There are no straight lines in nature. Nor are there any right angles. Rather, intricate arcs and fractures merge and bifurcate recurrently, like capillaries in a plant leaf or veins in an arm. Nowhere is this sinuous geometry more evident than in deltas, like that of the Mississippi River. Starting eighteen thousand years ago, warming global temperatures melted immense ice sheets across North America. The runoff aggregated to form the lower Mississippi River and flowed southward bearing vast quantities of sediment. The bluffs and terraces that confined the channel to a broad alluvial valley petered out roughly between present-day Lafayette and Baton Rouge in Louisiana, south of which lay the Gulf of Mexico.

Into that sea disembogued the Mississippi, its innumerable tons of alluvium smothering the soft marshes of the Gulf Coast and accumulating upon the hard clays of the sea floor. So voluminous was the Mississippi’s muddy water column that it overpowered the (relatively weak tides and currents of) Gulf of Mexico, thus prograding the deposition farther into the sea. Occasional crevasses in the river’s banks diverted waters to the left or right, creating multiple river mouths and thus multiple depositions. High springtime flow also overtopped the river’s banks and released a think sheet of sediment-laden water sideways, further raising the delta’s elevation.

In this manner, southeastern Louisiana rose from the sea. The process took about 7,200 years, making the Mississippi Delta, as Mark Twain put it, “the youthfulest batch of country that lies around there anywhere.” Young, dynamic, fluid, warm, humid: flora and fauna flourish in such conditions, as evidenced by the verdant vegetation and high productivity of the delta’s ecosystem. Humans, on the other other, view these same conditons as inhospitable, dangerous, even evil, and endeavor to impose rigidity and rectitude upon them, so as to better exploit the delta’s resources.

If New Orleans is known for anything, it’s Bourbon Street. Everyone has heard about Bourbon Street, it seems; just as they’ve heard about Carnival/Mardi Gras, beads, and show us your tits (which locals do NOT do–either yell it or bare them). Campanella’s book traces the history of the famous street, and by extension, the French Quarter itself, from its very beginnings when the French arrived and designed the streets, to its modern day incarnation as a street of endless partying and no little debauchery. It’s very well researched, and Campanella, who I believe teaches at Tulane, is the true expert on the city; I follow his pages on Facebook, and I can’t even begin to tell you how much inspiration and information Bourbon Street  has given me. I’ve put so many page markers in my copy that I’m worried about breaking the spine!

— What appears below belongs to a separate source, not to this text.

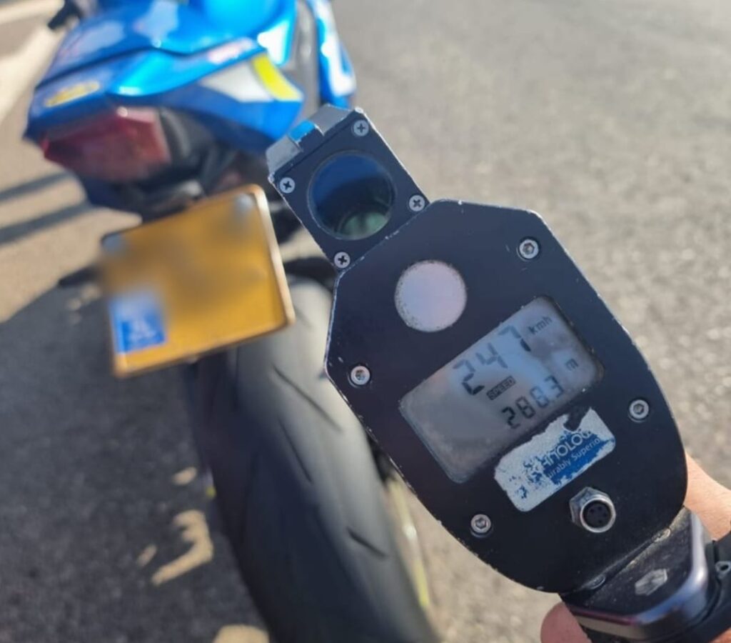 רוכב אופנוע, תושב נס ציונה, נתפס במהירות מופרזת של 247 קמ"ש בכביש 1 בו המהירות המותרת הינה 90 קמ"ש בלבד.
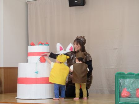 初めての発表会に緊張した様子もありましたが、いつものようにステージの上を歩き回り、ノンタンのために大きいイチゴを摘みケーキに飾り付けをしたり、ノンタンと一緒にかわいらしいダンスを踊ったもみじ動物たちでした。

One thing that my reading of New Orleans history has further emphasized to me–and it also really comes through strongly in Campanella’s book–is how New Orleans has always been a city of neighborhoods, and how each neighborhood of the city had (has?) its own unique  sense of itself, and how those who lived in those neighborhoods so strongly identified with them. The evolution of the French Quarter from the original city and seat of its government, to the original French leaving and being replaced by immigrants (as late as the 1960’s the lower quarter was known as ‘little Sicily’ because of all the Italian immigrants and their descendants who lived there), and then evolved again into a different type of neighborhood, with mixed incomes and everything from inexpensive apartments to gradiose condos; and a variety of ethnicities, races, sexualities, and gender identities.

One of the primary concerns modern-day New Orleanians have is the fear of the loss of those neighborhoods; because those neighborhoods were the incubators for all the things that makes New Orleans so special and unique: the music, the art, the literature, and the characters. Short-term rentals are carving up neighborhoods and the rents/property values are currently climbing, with no peak in sight, and people are rightfully concerned about these things.

But one thing I’ve learned from reading these histories, and Campanella’s in particular, is that New Orleans has always changed and evolved, yet has also always managed to keep that unique strangeness that make it New Orleans somehow intact.

If you love New Orleans or find it at all interesting, I cannot recommend Bourbon Street enough to you.